== Segment start ==
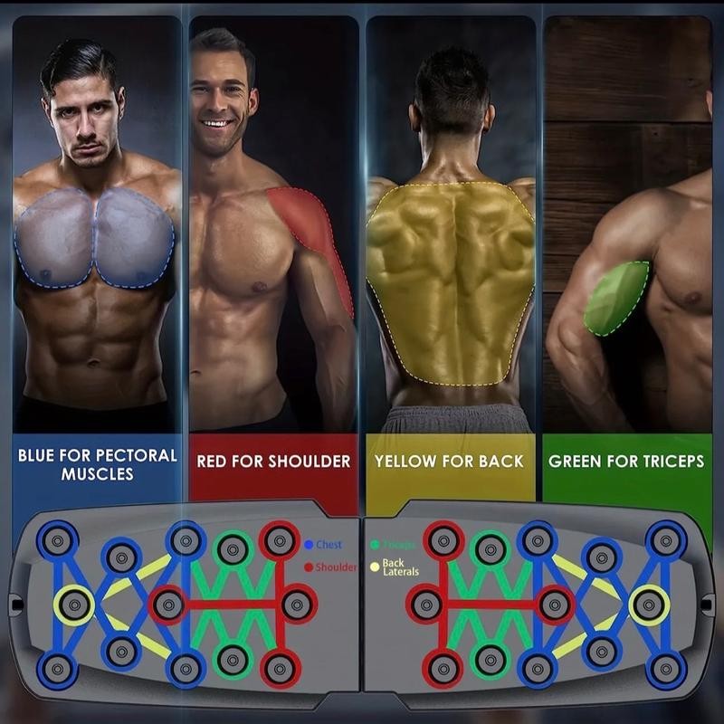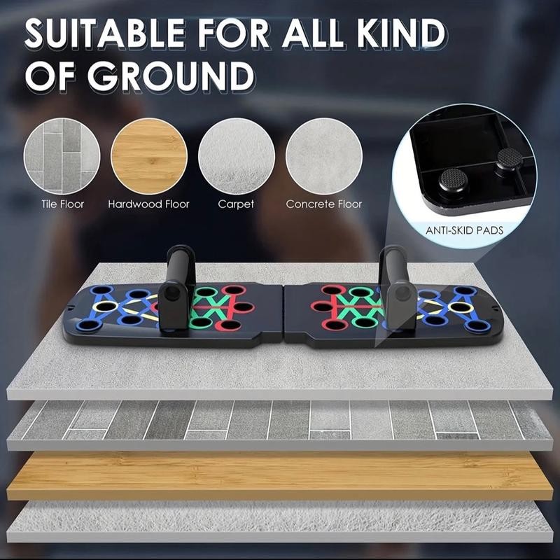 Hey a workout in on the go or when you are traveling with this push up variation board. Different grips target different muscle groups which allows you to target a wide variety of muscles. The board has a folding feature so it can be taken on the go.
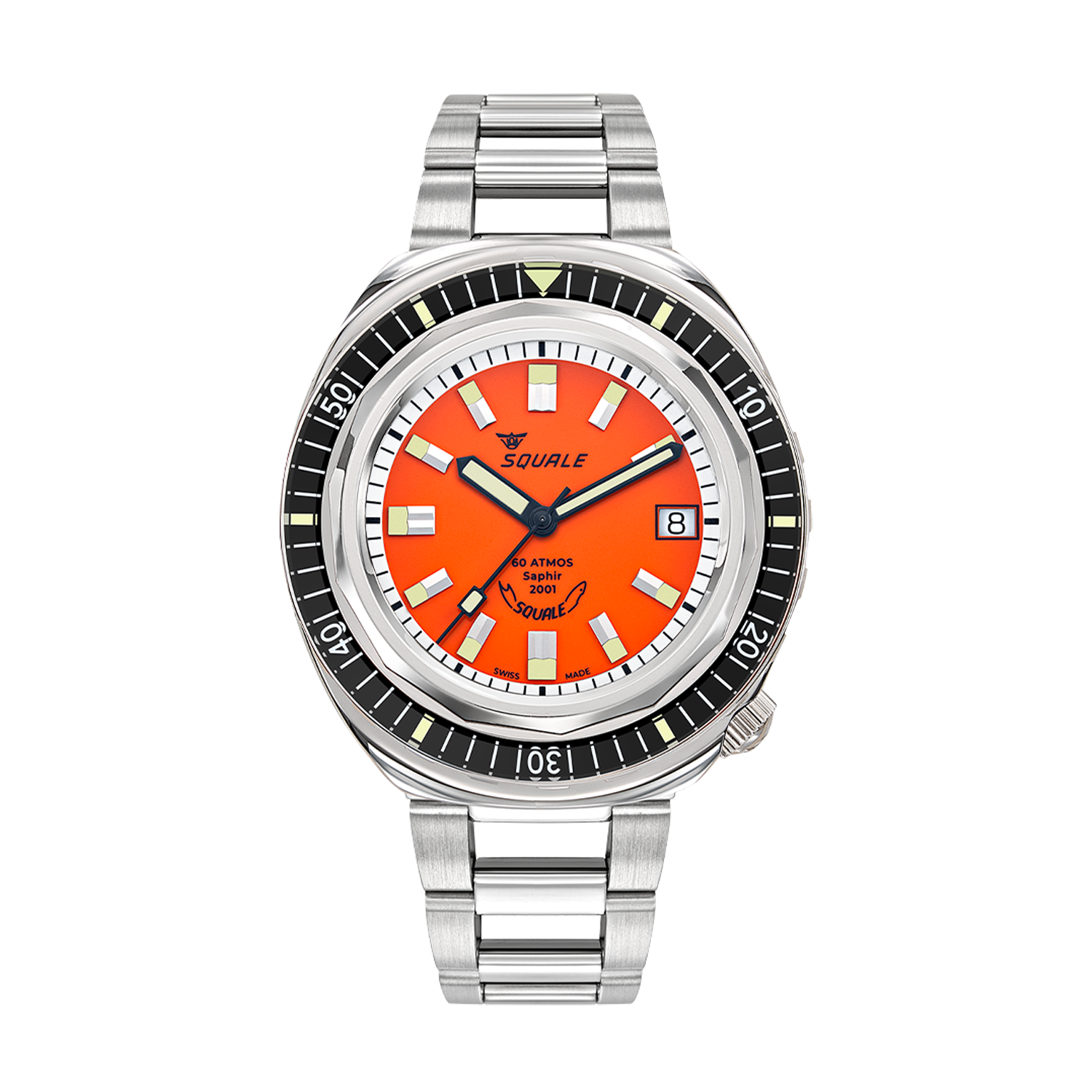 O Squale 2001 Reverse Orange redefine o conceito de diver clássico com sua combinação única de mostrador laranja vibrante e caixa de 40mm em aço 316L. Inspirado na tradição italiana de mergulho profissional, este modelo combina a robustez técnica necessária para 60 ATM com a elegância urbana que tornou a linha 2001 um ícone. O bezel bidirecional com inserção preta oferece contraste perfeito com o mostrador laranja, criando uma identidade visual marcante.
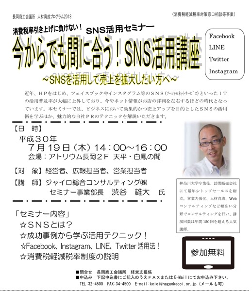 集客方法が変わってきました(今日は長岡でSNS活用セミナー)
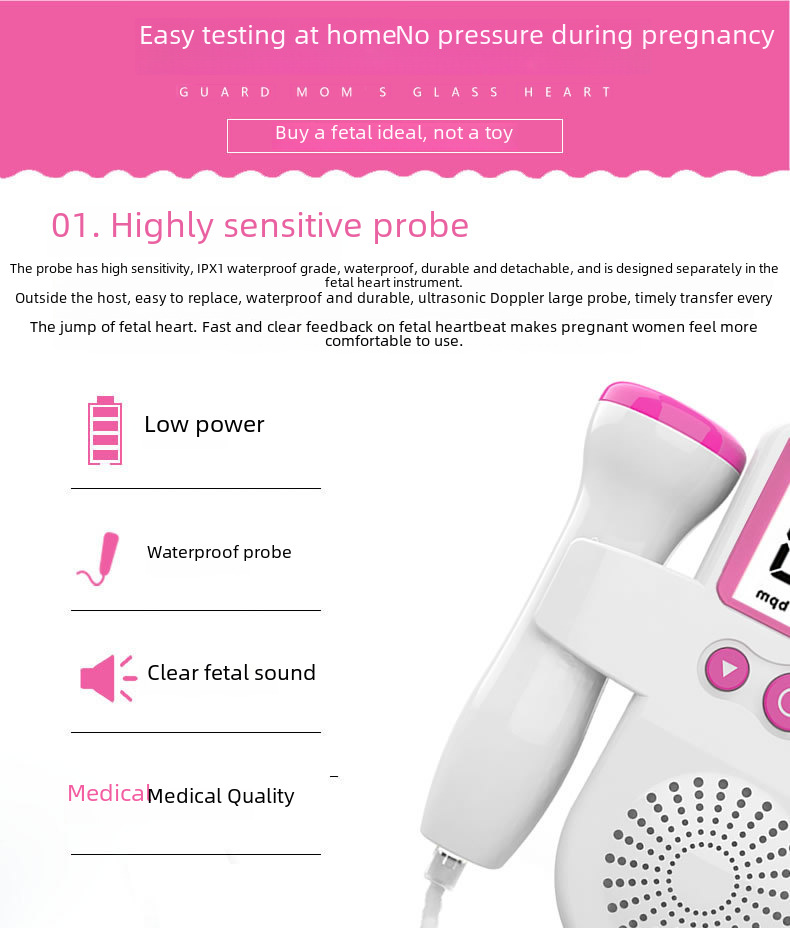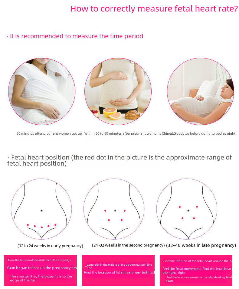 - Home Use Convenience:This fetal heart rate monitor is designed for home use, providing expectant parents with peace of mind and convenience by allowing them to monitor their baby's heartbeat from the comfort of their own home.
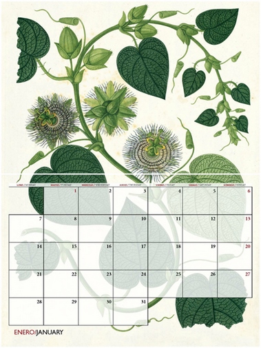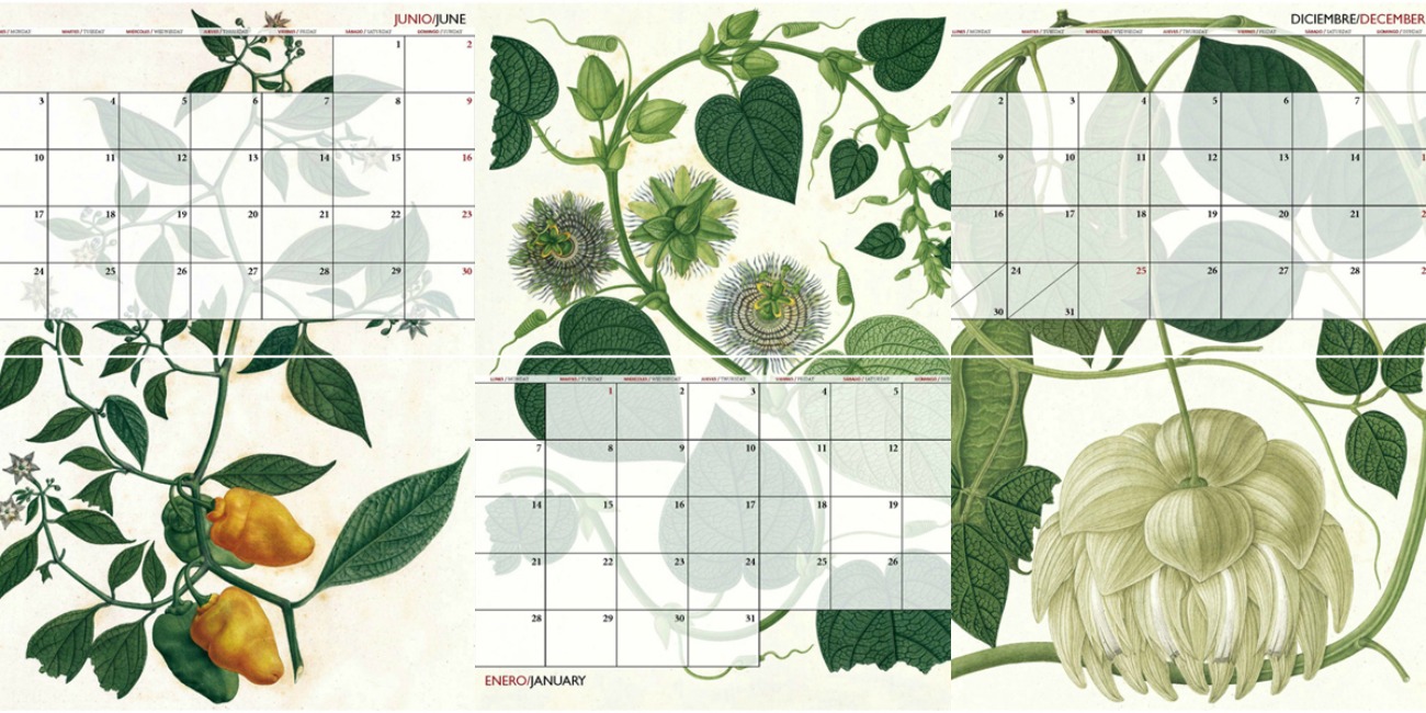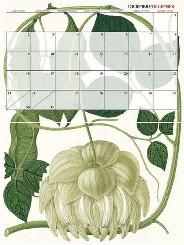 Las ilustraciones de ese calendario nos vuelven a trasladar hasta la Expedición Botánica del Nuevo Reino de Granada dirigida por Mutis. En esta ocasión, nos acercan al “realismo mágico” de esos dibujos botánicos que se conservan intactos, como si el tiempo se hubiera detenido, permitiendo apreciar su belleza en el presente como si nos hubiéramos trasladado al pasado.
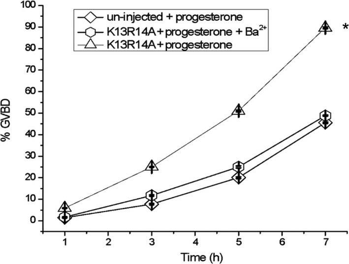 Fig. 5. Effect of external barium block on GIRK5âprogesteroneâinduced oocyte maturation. %GVBD was determined after 7 h of incubation in the ND96 solution, barium (111 μm) and progesterone (10 μm). (*) indicates a significant difference with respect to the other treatments (oneâway ANOVA, P < 0.01). Error bars correspond to mean ± SE, n = 15. |
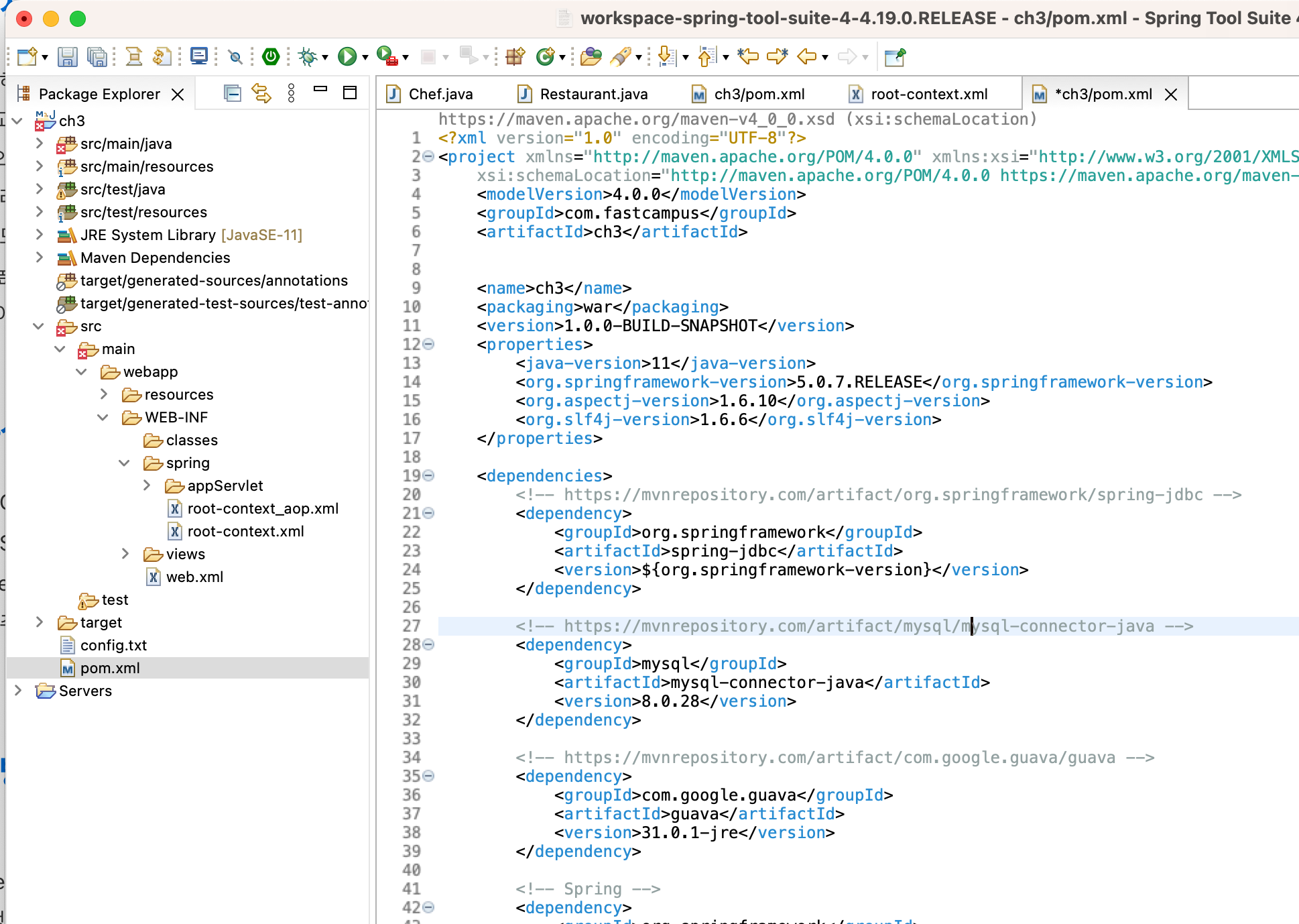 ① pom.xml 설정파일에서 아래 내용을 추가 및 수정한다
== Segment end ==
TASK ITEM:
A word-for-word repeat is expected of the lines from the one with "Fig. 5. Effect" to the end of the data, both included; pictures are not part of it.

ANSWER SECTION:
 Fig. 5. Effect of external barium block on GIRK5âprogesteroneâinduced oocyte maturation. %GVBD was determined after 7 h of incubation in the ND96 solution, barium (111 μm) and progesterone (10 μm). (*) indicates a significant difference with respect to the other treatments (oneâway ANOVA, P < 0.01). Error bars correspond to mean ± SE, n = 15. |
 ① pom.xml 설정파일에서 아래 내용을 추가 및 수정한다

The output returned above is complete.